*Problem description*.
In the entries below, find the line with "Title (ebay affiliate" and the line with "łazienka z oknem", then retype both and everything between them exactly. Do not copy the pictures.
====== Supplied records
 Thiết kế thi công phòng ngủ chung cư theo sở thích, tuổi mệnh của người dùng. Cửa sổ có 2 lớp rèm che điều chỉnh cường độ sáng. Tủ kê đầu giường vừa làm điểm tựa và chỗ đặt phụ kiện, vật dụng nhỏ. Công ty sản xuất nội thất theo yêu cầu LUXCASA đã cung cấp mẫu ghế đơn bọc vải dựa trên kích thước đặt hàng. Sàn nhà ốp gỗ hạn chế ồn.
============
====== Supplied records
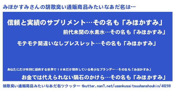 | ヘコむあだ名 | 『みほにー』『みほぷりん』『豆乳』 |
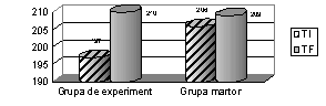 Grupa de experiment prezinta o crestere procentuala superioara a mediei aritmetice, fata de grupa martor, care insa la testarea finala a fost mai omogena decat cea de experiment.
============
====== Supplied records
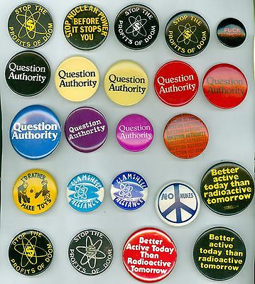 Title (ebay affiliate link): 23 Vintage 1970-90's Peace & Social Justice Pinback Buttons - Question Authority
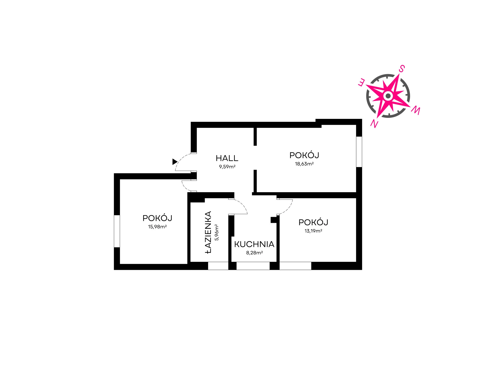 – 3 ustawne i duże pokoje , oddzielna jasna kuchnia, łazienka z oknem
============
*Final answer*.
 Title (ebay affiliate link): 23 Vintage 1970-90's Peace & Social Justice Pinback Buttons - Question Authority
 – 3 ustawne i duże pokoje , oddzielna jasna kuchnia, łazienka z oknem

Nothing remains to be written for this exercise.